Distribution centers throughout the world use sorting conveyors, AS/RS systems and sophisticated WMS to run everything from picking, cross-docking and order entry middleware for shipping execution and shipping optimization algorithms on top of miles of conveyor systems.

 

Barcoding: Before RFID, barcodes were used to identify everything from the shippers identification, package contents and part number, as well as weight and part count. Volumes of information needed to be stored in a limited amount of space. Plus, line of sight is required to read a barcode.

 

With the advent of Reduced Space Symbology-14 (RSS-14), many shippers are now deploying hybrid printers with RSS-14 barcode generating and printing software. The RSS-14 barcode symbology is a new type of barcode that is designed primarily for applications where space for a barcode symbol is limited. In addition to being smaller than most other types of barcodes, RSS barcodes can encode up to 14 numeric digits and can also be produced with an optional two dimensional composite component capable of encoding up to 2,361 additional bytes of alpha/numeric data all within a single symbol.

 

Dimension: LTL and parcel carriers have known for years that what they really sell is space on the truck. Though weight is important for legal highway transport, logistics companies learned early on that heavy things can come in small boxes and vice-versa. Thus, transportation and logistics carriers optimized on this technology long ago.

 

Sensors: Shortly, sensors will be available with active tags with a read rate of up to 30 meters unobstructed as well as integrated temperature and pressure measurement that can be read on liquid and metal containers which are immune to gamma rays and virtually indestructible in transport.

 

The ability to read these sensors from satellites using GPS, coupled with cell phone triangulation, makes this a promising development. Because cell phones (sensors) put out a constant RF output (sometimes pulsed), they can be tracked using the tower triangulation method where the network administrators can find the users precise location with their administrative network access.

 

Imagine a chemical shipper with a hazardous load and this technology they could monitor temperature, weight and tamper resistance on a remote computer screen real-time.
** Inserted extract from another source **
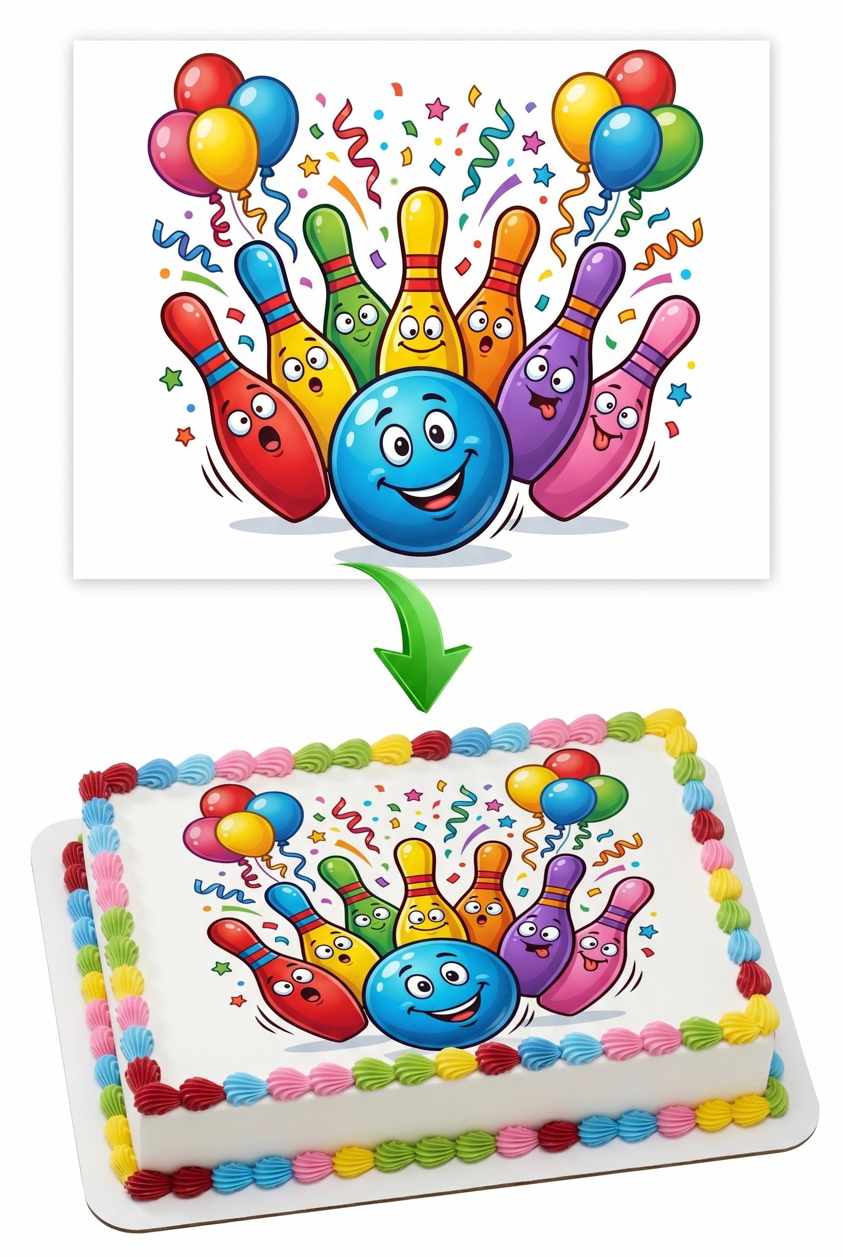Cute Bowling Party Edible Cake Topper — Cartoon Bowling Ball and Pins Design Printed on Premium Frosting Sheet for Cakes, Cupcakes & Cookies. Perfect for Kids Bowling Parties. Free Custom Text!

This is no longer the stuff of science fiction; it is being done today.

 

Key Stumbling Blocks Remain

Global demand on the system, current RFID tag cost, interrogator read rates, weighing and dimensional legal-for-trade shipping regulatory requirements, consignor-required conveyor speeds and shorter turnaround timeframes for premium priced overnight handling all place unique demands on both parcel and freight throughput. But the apparent disparate technologies appear not to be the pacing item any more. In fact, the technology appears to be available now in bits and pieces. It is simply a matter of time before the synchronicity and synergy of placing these technologies onto a single, open-architected platform occurs.

 

With all of the new technologies available, this is an exciting time for carriers and shippers. And in the eyes of these carriers and shippers, the emerging technologies have arrived not a moment too soon.